The Editor by Steven Rowley
Published by Putnam
Publication date: April 2, 2019
James Smale is thrilled to sell his first novel to Doubleday, but he is over-the-moon when he finds out his editor is none other than Jacqueline Kennedy Onassis. His excitement is tempered by having to tell his mother. As an obsessive Kennedy family follower, her son meeting Jackie would normally be a dream come true, but she’s read a chapter and while it’s fiction it’s about James’ highly dysfunctional childhood. Not how she wants to be seen by her idol. In The Editor, his fears over his mother’s reaction, combined with being star struck, leaves James so creatively blocked he can’t write an ending for his book.
The premise of getting validation as a writer and then finding out a woman of Jackie’s stature is your editor makes for exactly the kind of fun you might expect. James goes from being so overwhelmed he can hardly speak, to staying at Jackie’s place on Martha’s Vineyard and lunching with her at the Carlyle Hotel. Thankfully, Rowley avoids too much lighthearted silliness by delving into the issues with James’s novel and therefore, his life and his fraught relationship with his mother. Also, through James’s erstwhile boyfriend, he adds the ever-useful dynamic of one partner suddenly succeeding artistically while the other is still struggling.
All of this works until about halfway through, when Rowley decides to spice things up further with some of the downsides of fame and when that’s not enough, by dropping a family bombshell. Followed by another dramatic scene towards the end of the novel. All of which meant that, for me, the novel strayed too far from wry humor and the complexity of the mother/gay son dynamic into a lot of tropes. The only part of the novel that held from start to finish were the scenes with Jackie.
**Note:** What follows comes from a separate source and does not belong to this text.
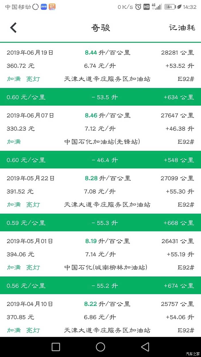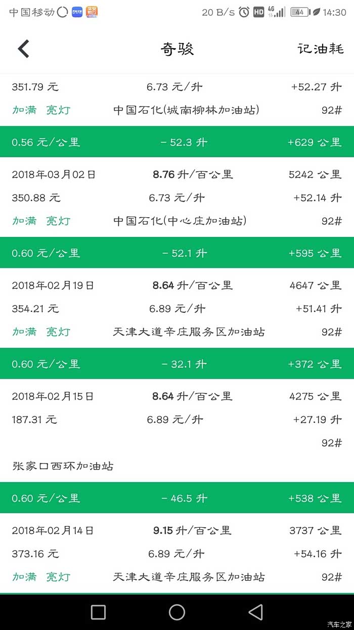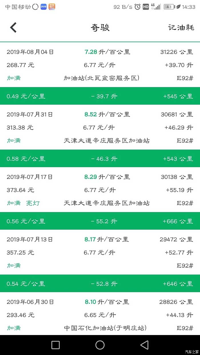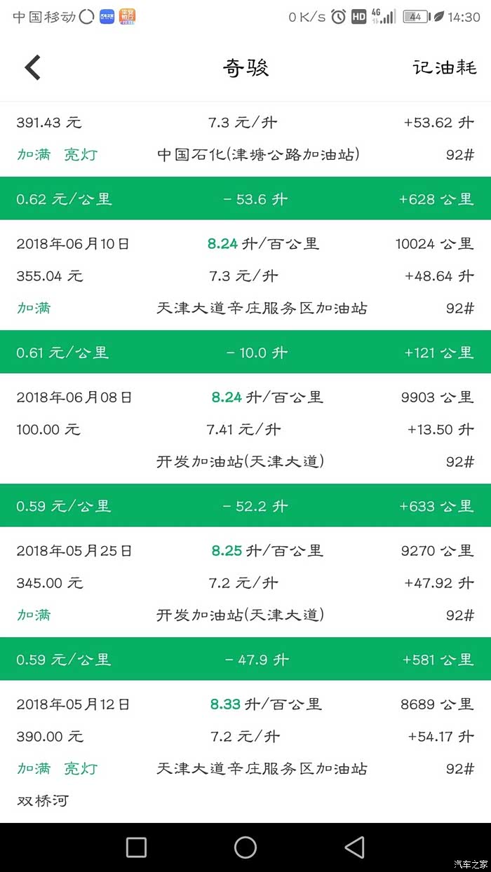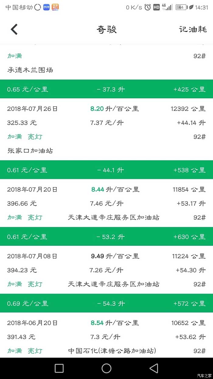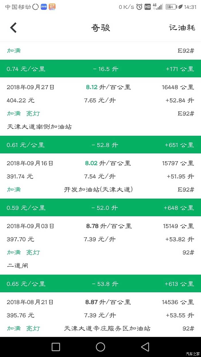 相信很多朋友在购车前都会关注车的一个重要参数就是油耗,特别是对于想购入车辆的油耗很是关心,在论坛里也见到不少人问这个问题,也有很多车友回答这个问题。我在换车前就是因为原来1.4排量的标致207动力实在太弱,所以想买一个大排量的,最初国产车里锁定了长城哈弗H6蓝标2.0T车型,试驾了几次感觉挺好,合资车里锁定了JEEP指南者和奇骏,据很多车友说长城的车特别费油,油耗得十一二个了,奇骏官方数据是7.6L/百公里,而且我一个同学买的是2014款2.5豪华版奇骏说油耗大概9个吧,我想油耗只要控制在10个以内我就可以接受,最后买了奇骏2.5豪华版,购车后就做了一些个统计记录验证真实油耗,分享给大家参考。

Even though I have no idea what she was like in her private life Rowley lets her unfold on the page in her interactions with James. There is still the reserve that comes from decades of intense scrutiny but there is a wistfulness as well. More scenes like this and less of everything else would have made a big difference in my take on The Editor. As is, I was left feeling that the novel itself needed an editor.